Jim should probably review this change.

That said, I don't see any failures on linux currently. Can you elaborate on which tests are failing and why? It sounds like there is an opportunity here to write a more robust test...

Jim should probably review this change.

Yes, thank you. We are in contact with Jim. And I see now I had put Jim to Subscribers list instead of Revievers list :)

That said, I don't see any failures on linux currently. Can you elaborate on which tests are failing and why?

Let me explain it. A month ago I got ready-to-land resolution for D26497 and committed it. Very soon I got tests fail notification from build robot: several tests (including my new test) failed on Ubuntu. The decision was to revert the change temporary, and study the issue without a rush. And now I am back with the fix for this issue. I am going to commit D26497 back after this fix.

jingham requested changes to this revision.Jan 20 2017, 11:14 AM

The restoration of the stop reason works for the most part. For instance, when we call a user expression the stop reason is correctly restored. This was done by saving and restoring the stop info. There's one other little two-step you have to do to produce the "cooked" stop reason. For instance, if you stop because of a breakpoint hit that completed a "step-out" plan, you have to check the completed plan stack to figure out what the user visible stop reason was. But before Boris' change the state of the completed plan stack wasn't important once this was done. Boris' change started using the completed plan stack for more than just the initial determination of the cooked stop reason, so you do need to preserve it as well.

I don't think that letting the completed plans live a little longer should pose any problems. The plans should do whatever cleanup they are going to do when they get popped, and should not rely on the destructors to do this work. But it would be worth a quick audit to make sure I didn't get sloppy about that before we make this change, and we should document that requirement in the ThreadPlan dissertation at the beginning of ThreadPlan.h.

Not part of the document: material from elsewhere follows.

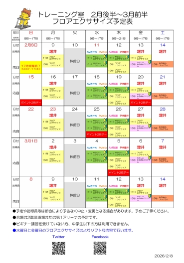 【トレーニング室フロアエクササイズ予定表(2/8更新)】

Can you do that, and then we should be fine to go in?

This revision now requires changes to proceed.Jan 20 2017, 11:14 AM

BTW, this shows one important difference between OS X and Linux that pops up from time to time. On OS X, we can allocate memory in the target process without having to call functions in the target. We don't do that by hand in lldb (that wouldn't work for remote debugging) rather we have a packet we send to debugserver, and it does the allocation. But the Linux lldb-server doesn't have this ability so on Linux, lldb ends up having to make and run a ThreadPlanCallFunction from awkward places in processing stops. This works for the most part, but it sometimes requires tweaks like this.

This functionality gets tested pretty rigorously just by using lldb on Linux, since this gets done as a side effect of many operations. So it is tested indirectly by the test suite. I'm not sure how you would test this directly, however.

Thank you both for explaining the situation. The "test failure on ubuntu" part threw me off -- I did not realize you were talking about hypothetical failure should a different change go in. I was worried we have some very environment-dependent tests.

Looks good from my side then.

The plans should do whatever cleanup they are going to do when they get popped, and should not rely on the destructors to do this work.

Yes, you already made a note a time ago:

r123869 | jingham | 2011-01-20

Back up both the register AND the stop state when calling functions.

123869 jingham N.B. Don't wait to do clean up target state till the destructor, since that will usually get called when
123869 jingham
the target resumes, and you want to leave the target state correct for new plans in the time between when
123869 jingham // your plan gets unshipped and the next resume.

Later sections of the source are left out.